There are, however, other African breads more similar to European loaves in terms of ingredients and appearance. In many cases this is the result of colonization – there’s a reason when you search for South African breads, you turn up a series of products with suspiciously Dutch-sounding names. That doesn’t make them bad, but they certainly aren’t, let’s say, indigenous to the region.
But things get complicated when you start to talk about indigeneity. Like people, food travels. Whether that travel is intentional, through migration, or unintentional, through forced labor or refugees fleeing persecution, people bring their food with them. Sabaayad, the rolled, folded, flattened, and pan-fried flatbread I’m offering today, is very similar to parathas: buttery, flaky flatbreads common to the Indian subcontinent. They are also sometimes called East African chapatis. According to the Immaculate Bites blog, there’s a fair bit of Indian influence in Somalian cuisine because the British brought over Indian laborers, which explains the similarities in their flatbread names and procedures.

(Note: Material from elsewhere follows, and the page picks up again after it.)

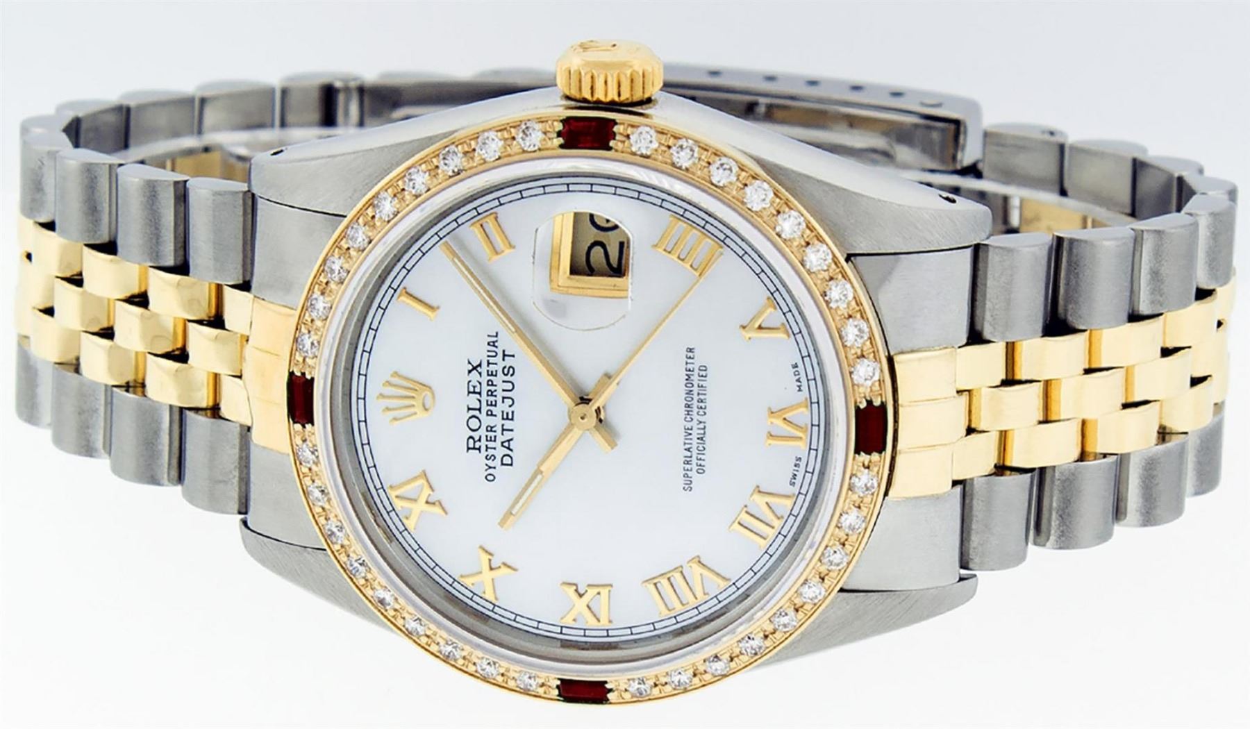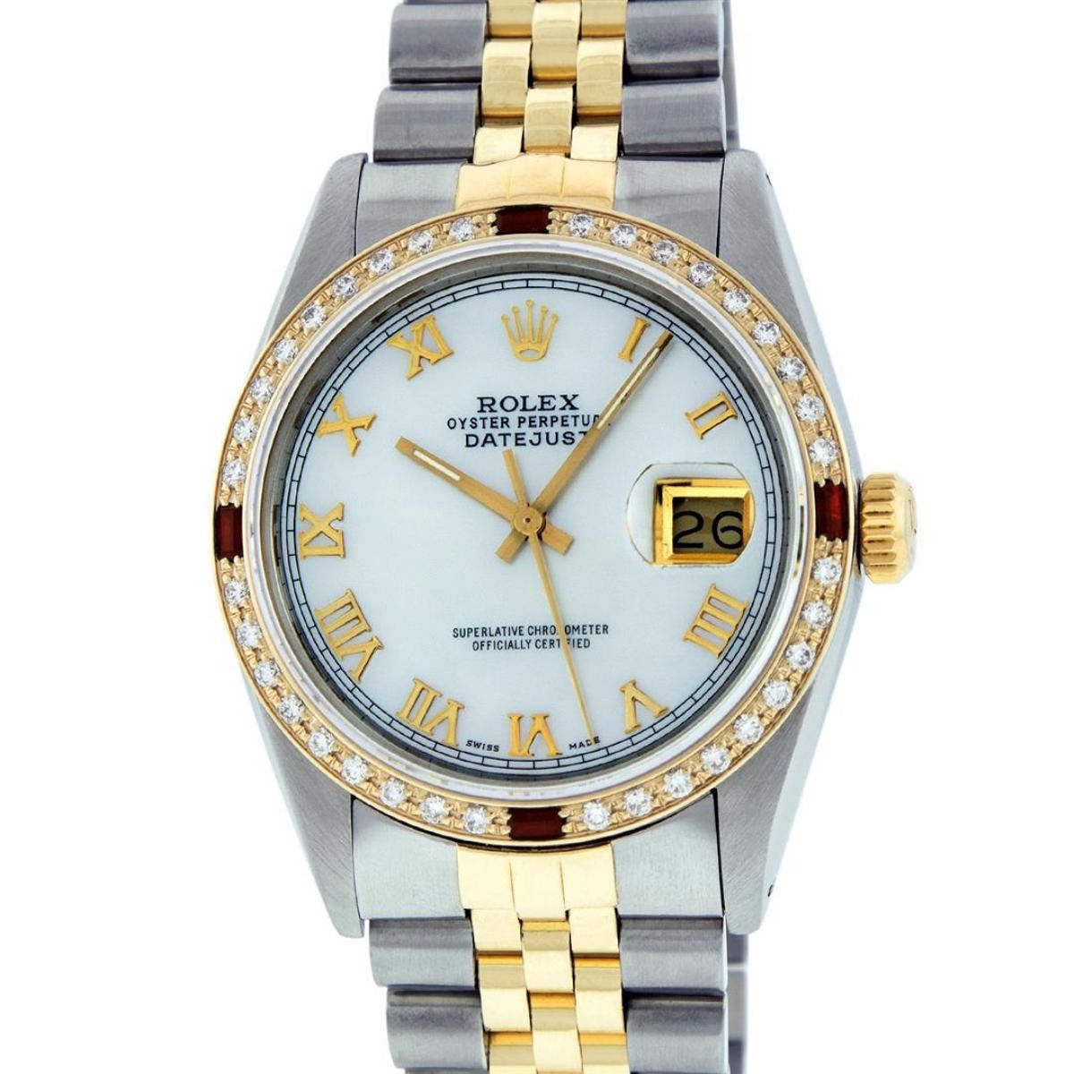 One Mens 14K Yellow Gold Two Tone Rolex Datejust Polished, Serviced & Electronically Tested, 14K Yellow Gold & Stainless Steel Case: 36mm, 14K Yellow Gold Crown, Custom Bezel: New 18K Yellow Gold Beadset & Ruby Diamond Bezel, Stone Count: 36 Diamonds + 4 Rubies, Total Weight 1.00 Carat, Clarity: SI-VS, Color: G to H. Custom Crystal: New Synthetic Sapphire Cyclops Lens. Custom Hands: New Luminecent Hands. Movement: Automatic Winding Movement Caliber 3035. Custom Dial: Mother Of Pearl Roman Dial With Square Track. Date Window: 3 O'Clock Position Date Display, Quickset, Model: 16013 Datejust. Condition: G-6 Extra Fine. Bracelet: Two Tone 14K Yellow Gold & Stainless Steel Jubilee. Bright Polish. 7.0 Inch Length, Adjustable. Standard Clasp, With Rolex Logo. This Watch Has Been Serviced Time Tested And Is In Excellent Condition It Is Free Of All Scratches And Dents.

It turns out that Somalis love bread. Sabaayad is just one example, but it’s an interesting one. Like parathas, Chinese scallion pancakes, and others, sabaayad is formed through several repetitions of rolling. First, you roll out your dough portion into a thin circle and apply an even layer of oil or ghee. Then you have a few options, all of which involve folding and then re-rolling the dough. This process, usually lubricated with another application or two of oil or ghee in between, is what helps create the flaky layers of the finished product. I tried several options in my batch, as you can see above, and found the final result not hugely different, so I’ll describe both methods in the procedure section and you can choose which you prefer.
By some accounts sabaayad is not an everyday bread, but a treat enjoyed at breakfast, sometimes with meat like dried camel or beef jerky, and sometimes with fried eggs. By others, it is a lunchtime dish eaten with stew. Some prefer a sweet accompaniment like honey or jam. The idea of hot, flaky, well-oiled bread with a drizzle of honey entranced me, so that’s how we opted to have ours. Other variations add a leavener like baking powder or sourdough starter, and some go an extra step and incorporate eggs or milk for a richer, more tender product. I decided to go simple, thinking it might best show us what this bread is about, and stuck with the four ingredient recipe I’d found: all-purpose flour, whole wheat flour, salt, and oil.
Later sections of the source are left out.